Description of the task
Each line of the material should be set down exactly. Pictures are not part of the copy.

Stored data
Start of Block
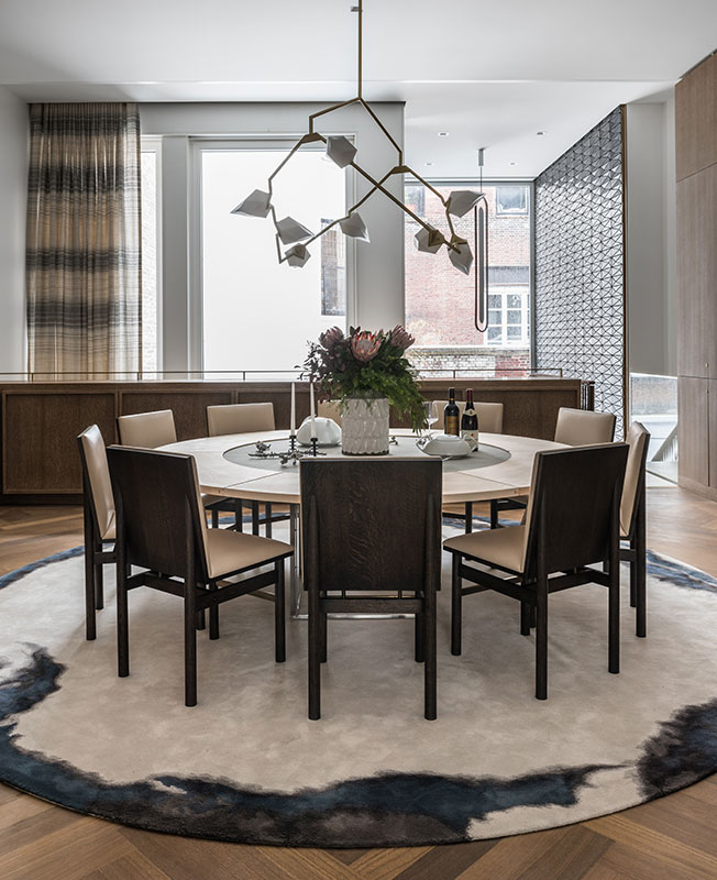 Столовая. Винтажный стол, диз. Поул Кьерхольм, сочетает мрамор сорта чиполлино и древесину клена. Стулья — работа Кристофера Куртца. Люстра выполнена на заказ компанией Beс Brittain, ковер по эскизам MKCA произведен Tai Ping. Плетеные занавеси изготовил специально для проекта Хироко Такеда. Керамическая плитка: Boston Valley Terra Cotta по эскизам MKCA.
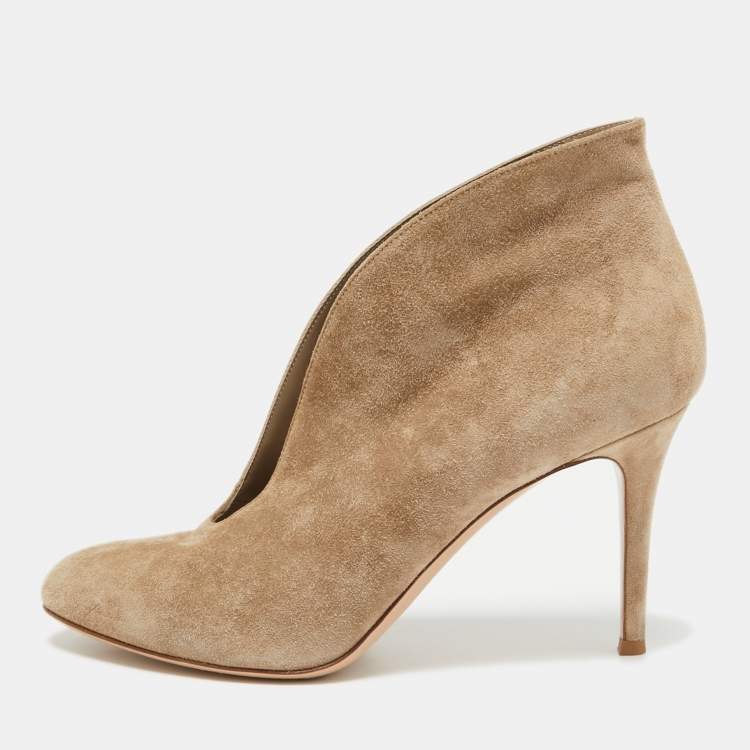 Gianvito Rossi Beige Suede Vamp Booties Size 39
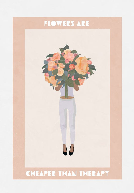 Flowers are cheaper than therapy White Modern Wood Framed Art Print with Double Matting by Manovski, Sarah
End of Block
Reply to the task
 Столовая. Винтажный стол, диз. Поул Кьерхольм, сочетает мрамор сорта чиполлино и древесину клена. Стулья — работа Кристофера Куртца. Люстра выполнена на заказ компанией Beс Brittain, ковер по эскизам MKCA произведен Tai Ping. Плетеные занавеси изготовил специально для проекта Хироко Такеда. Керамическая плитка: Boston Valley Terra Cotta по эскизам MKCA.
 Gianvito Rossi Beige Suede Vamp Booties Size 39
 Flowers are cheaper than therapy White Modern Wood Framed Art Print with Double Matting by Manovski, Sarah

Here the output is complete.